## TASK ITEM
Locate the line that contains "为深入学习贯彻习近平总书记关" in the entries below, then repeat it and every following line through the line that contains "Students worked together", exactly, and no others.

## THE DATA
+ + + +
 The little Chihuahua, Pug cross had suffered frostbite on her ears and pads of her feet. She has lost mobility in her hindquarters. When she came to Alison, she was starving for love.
+ + + +
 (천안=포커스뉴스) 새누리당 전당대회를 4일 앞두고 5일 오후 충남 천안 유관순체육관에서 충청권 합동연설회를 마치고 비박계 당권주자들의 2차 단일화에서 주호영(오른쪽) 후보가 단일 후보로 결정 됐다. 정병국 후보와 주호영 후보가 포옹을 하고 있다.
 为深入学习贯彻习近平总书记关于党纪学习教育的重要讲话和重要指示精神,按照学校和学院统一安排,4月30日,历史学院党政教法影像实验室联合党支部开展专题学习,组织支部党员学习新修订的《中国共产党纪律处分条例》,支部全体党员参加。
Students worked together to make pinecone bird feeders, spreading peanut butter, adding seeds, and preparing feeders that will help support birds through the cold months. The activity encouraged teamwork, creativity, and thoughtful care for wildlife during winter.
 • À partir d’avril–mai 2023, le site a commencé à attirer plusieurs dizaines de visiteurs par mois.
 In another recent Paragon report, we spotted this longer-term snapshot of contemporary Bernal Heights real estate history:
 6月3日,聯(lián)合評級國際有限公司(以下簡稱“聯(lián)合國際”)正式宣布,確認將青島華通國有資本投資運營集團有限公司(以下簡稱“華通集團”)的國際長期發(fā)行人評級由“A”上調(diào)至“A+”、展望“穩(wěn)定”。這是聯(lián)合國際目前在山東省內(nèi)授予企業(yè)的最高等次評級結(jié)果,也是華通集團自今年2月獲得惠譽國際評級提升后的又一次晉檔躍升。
+ + + +
## ANSWER SPACE
 为深入学习贯彻习近平总书记关于党纪学习教育的重要讲话和重要指示精神,按照学校和学院统一安排,4月30日,历史学院党政教法影像实验室联合党支部开展专题学习,组织支部党员学习新修订的《中国共产党纪律处分条例》,支部全体党员参加。
Students worked together to make pinecone bird feeders, spreading peanut butter, adding seeds, and preparing feeders that will help support birds through the cold months. The activity encouraged teamwork, creativity, and thoughtful care for wildlife during winter.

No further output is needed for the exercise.